- _Prompt_
Exact copies of all the lines below are needed, without the pictures.

- _Given data_
☆ ☆ ☆ ☆

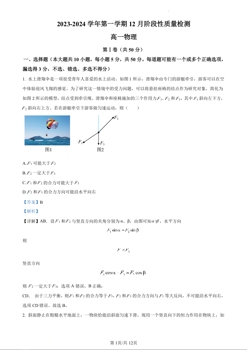 北京市海淀区首都师范大学附属中学2023-2024学年高一上学期12月月考物理(精品解析版)
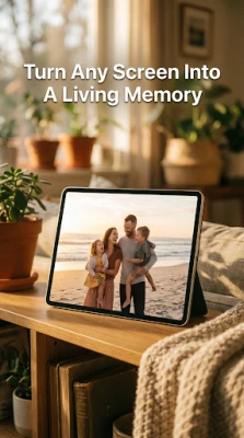 Whether on your bedside table, kitchen counter, living room, or office desk, PicDock creates a calm and stylish photo display experience.
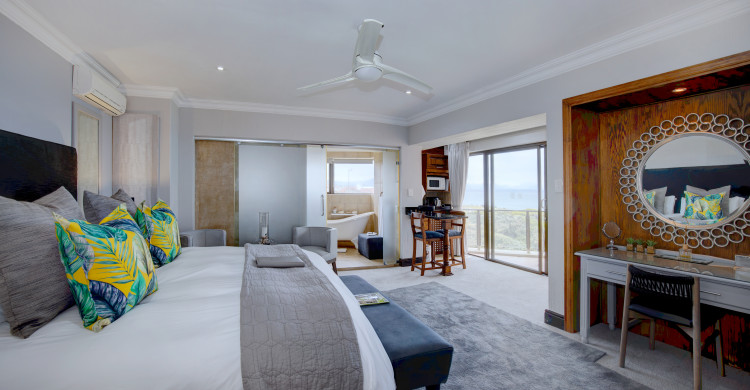 Sea breeze Air conditioner and ceiling fan King-size bed (or 2 single beds) with 400 thread count percale linen Dresser, chair and high quality blow dryer Arm chair and coffee table Flat screen TV CD/DVD player – DVD available for use Telephone available on request Electronic safe Alternative bedding Small kitchenette Bar-fridge Coffee/tea facilities Microwave oven
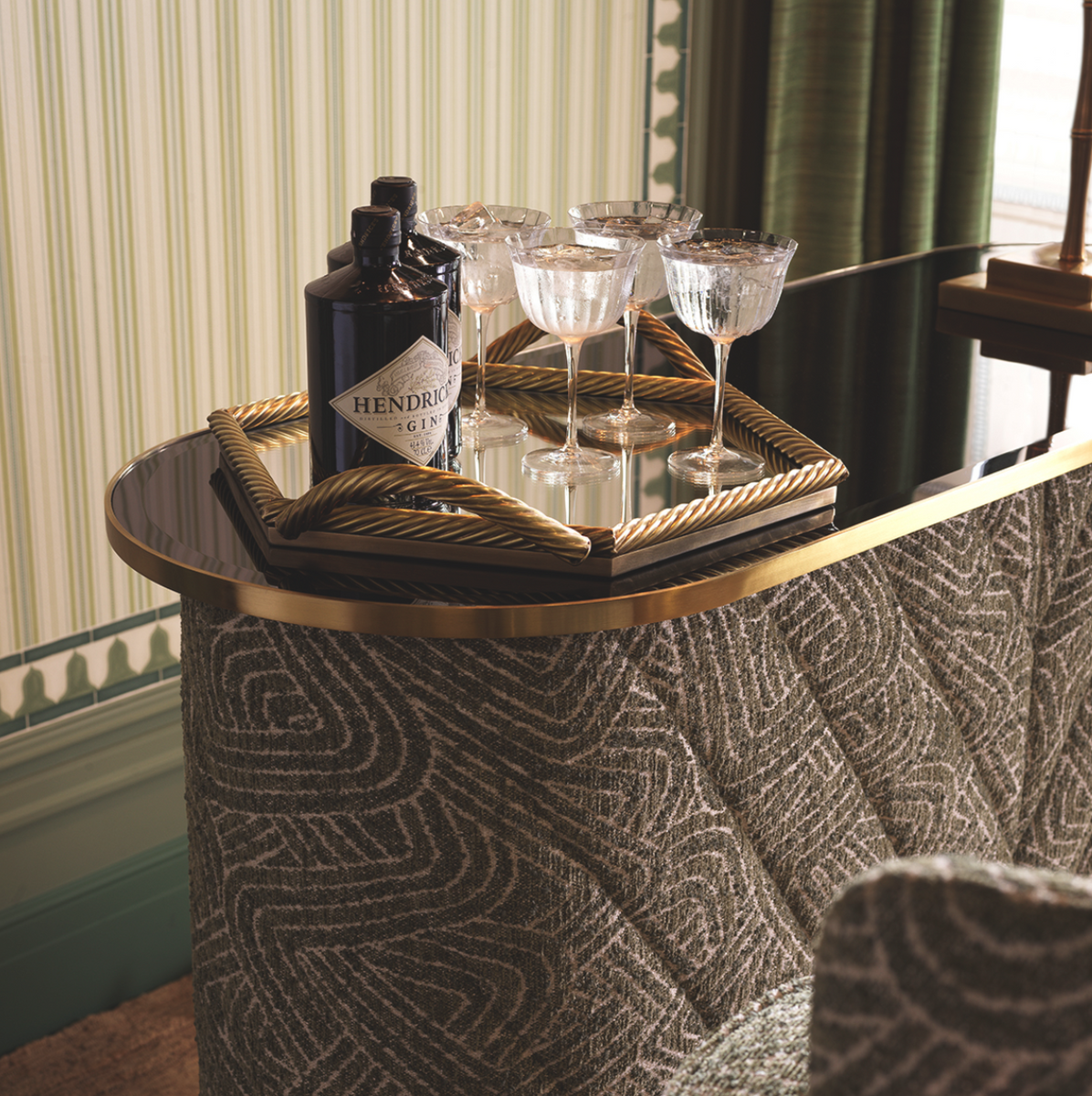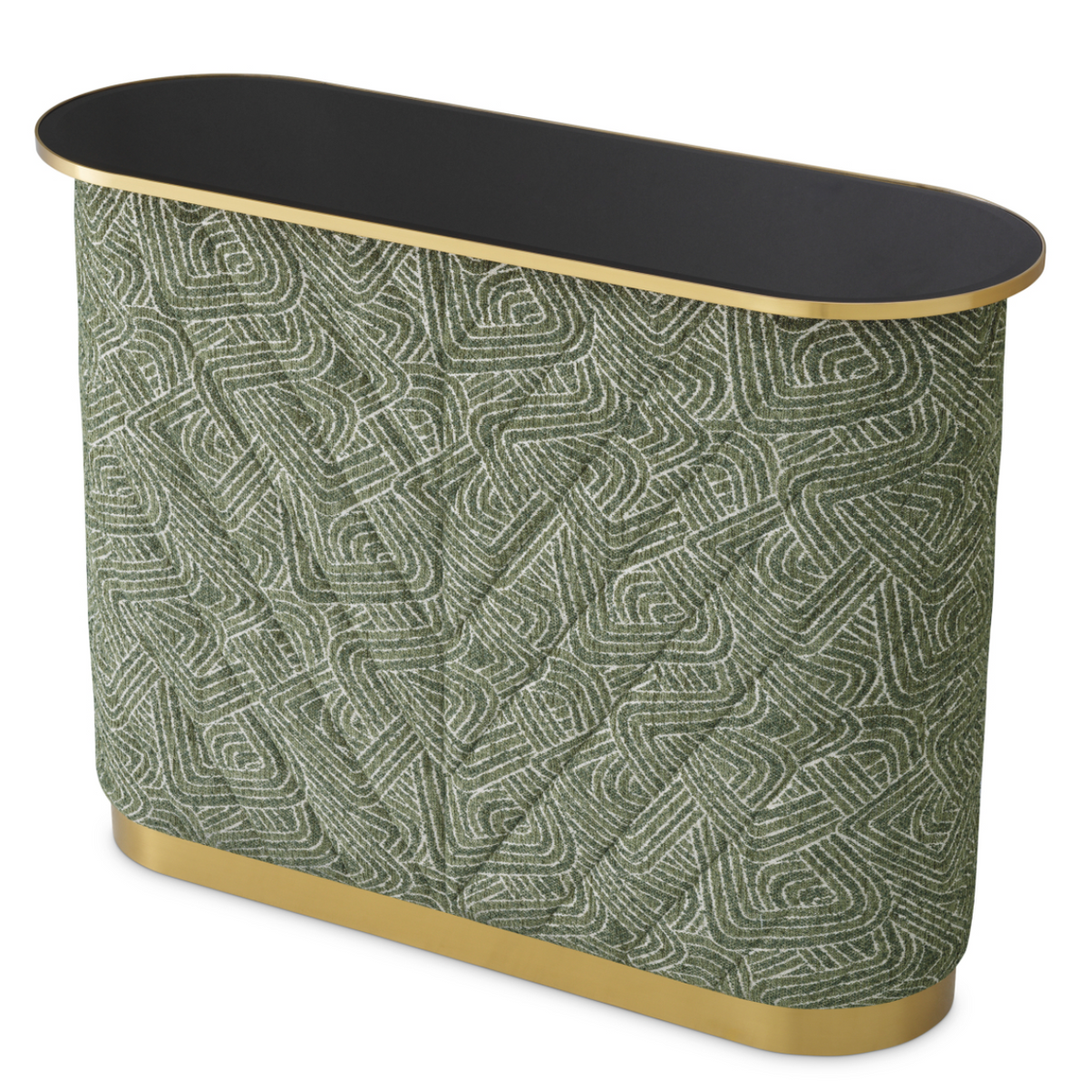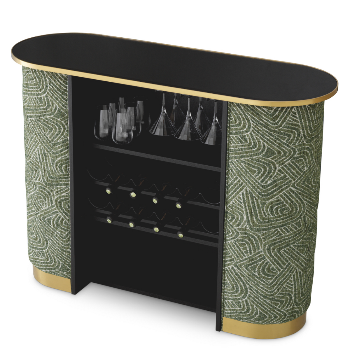 - Bar Matthew marki Eichholtz to luksusowy mebel, który zachwyca elegancją i funkcjonalnością. Tapicerowany tkaniną Camari Green, z wykończeniem z szczotkowanego mosiądzu i blatem z czarnego szkła.

☆ ☆ ☆ ☆

- _Your response_
 北京市海淀区首都师范大学附属中学2023-2024学年高一上学期12月月考物理(精品解析版)
 Whether on your bedside table, kitchen counter, living room, or office desk, PicDock creates a calm and stylish photo display experience.
 Sea breeze Air conditioner and ceiling fan King-size bed (or 2 single beds) with 400 thread count percale linen Dresser, chair and high quality blow dryer Arm chair and coffee table Flat screen TV CD/DVD player – DVD available for use Telephone available on request Electronic safe Alternative bedding Small kitchenette Bar-fridge Coffee/tea facilities Microwave oven
 - Bar Matthew marki Eichholtz to luksusowy mebel, który zachwyca elegancją i funkcjonalnością. Tapicerowany tkaniną Camari Green, z wykończeniem z szczotkowanego mosiądzu i blatem z czarnego szkła.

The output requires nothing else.